W wywiadzie dla telewizji Sky News, książę Walii stwierdził, że jednym z głównych powodów trudnej sytuacji w Syrii są zmiany klimatu, których świat nie zdołał opanować.
Książę Karol rozmawiał z dziennikarzem Sky News przed zamachami, do których doszło w Paryżu. Powiedział wówczas, że u źródła syryjskiej wojny, terroryzmu oraz kryzysu imigranckiego leżą zmiany klimatyczne.
Już 20 lat temu część osób zwracała uwagę, że jeśli nie poświęcimy więcej miejsca zmianom klimatycznym, bardzo szybko dojdzie do konfliktów powodowanych brakiem zasobów naturalnych, a skumulowane efekty zmian klimatu sprawią, że ludzie będą się przemieszczać – powiedział książę Walii.
Czytaj także: Stan współczesnej oświaty. Czy czas na radykalne zmiany?
Podkreślił również, że kilka lat temu w Syrii miała miejsce susza, która sprawiła, że ludność wiejska zmuszona była przenieść się do miast.
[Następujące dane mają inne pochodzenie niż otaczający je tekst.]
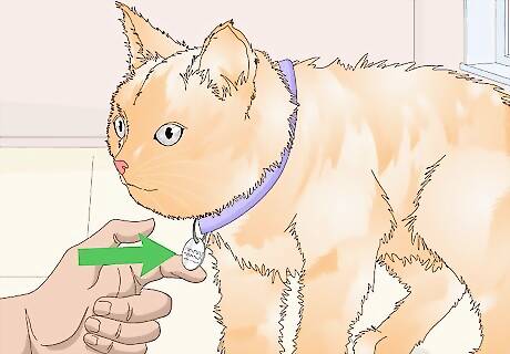 Purchase a collar and tags. It is important for you to put a collar and tags on your cat as soon as you get it. This will assure that if your cat gets lost anyone that finds it will be able to return it to you. Make sure the collar is the right size for your cat. It should be snug but not so tight that is restricts the cat's breathing or swallowing. Select a collar that has a quick-release catch, an important safety feature. If your cat is ever caught by the collar, this important release allows the cat to safely escape without harm. Avoid collars with elastic portions, which may be stretchy enough for a cat to get its leg through and become trapped. The information on your cat's tags should include your name, address, and a telephone number.
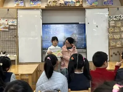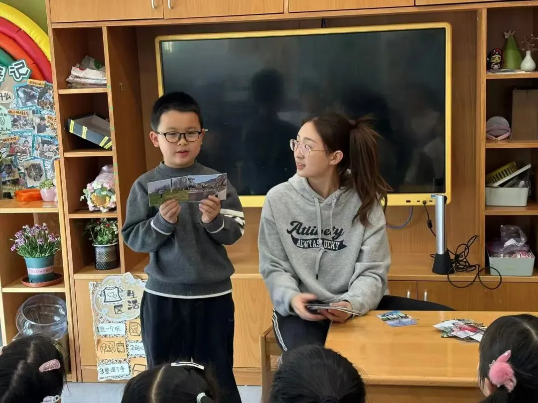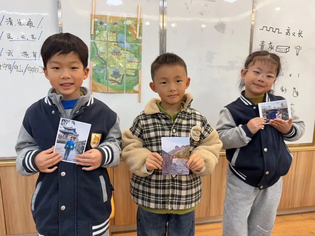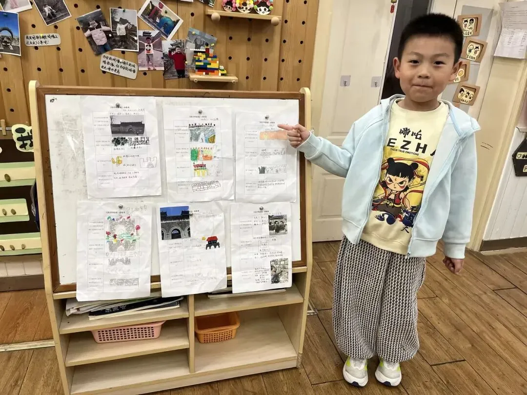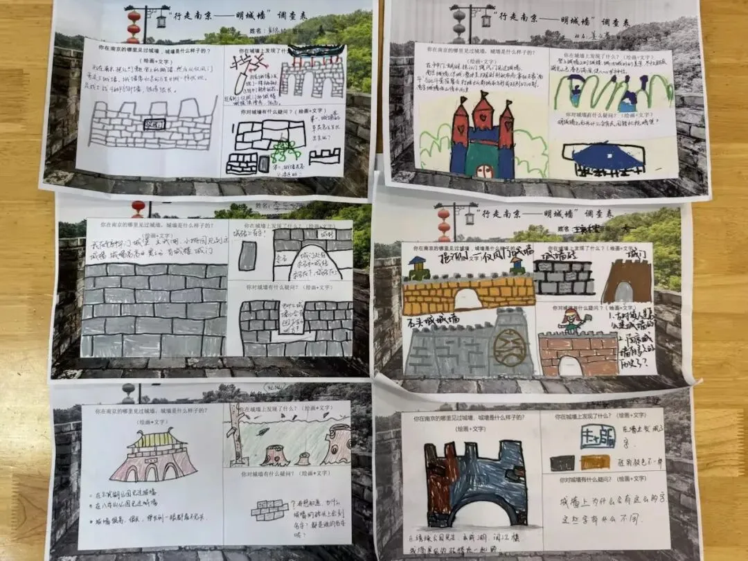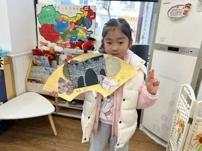 孩子们带来了自己和城墙的合照,在班级里踊跃分享。“我和爸爸妈妈去了仪凤门,它的大门上有好多圆圆的钉子,特别壮观!”忱忱举着照片开心地说。天天立刻接话:“我也去过,城门上面还有尖尖的屋顶呢!”
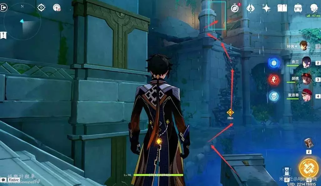 (5)劇情結束後開門進入塔內,清理風丘丘遊俠,然後往小地圖南方向出去,左轉沿著樓梯上去(途中樓梯會斷裂,如果沒趕在斷裂前過去可以直接跳下去重置位置),快到達指引處需要爬一截木板(木板也會斷裂,同樣方法也能重置木板),最後開門進入塔內清理丘丘人;
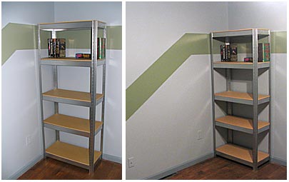 How silly of me. I didn’t want black bookcases after all. Metal is the way to go! I think these will look really cool with my computer desk (which has a silver base and frosted glass top). Just gotta get the shelves painted to match the molding. Will the painting ever end?

Karol jest przekonany, że istnieje bezpośredni związek między zmianami klimatu, a obecnymi konfliktami i terroryzmem.
Nigdy nie zwracamy uwagi na to, co znajduje się u podłoża problemu, a są to szkody, które wyrządzamy środowisku – przestrzegł Karol.
Książę Walii uważa również, że jeśli na poważnie nie zajmiemy się kwestiami klimatu, czekają nas problemy jeszcze większe od obecnych.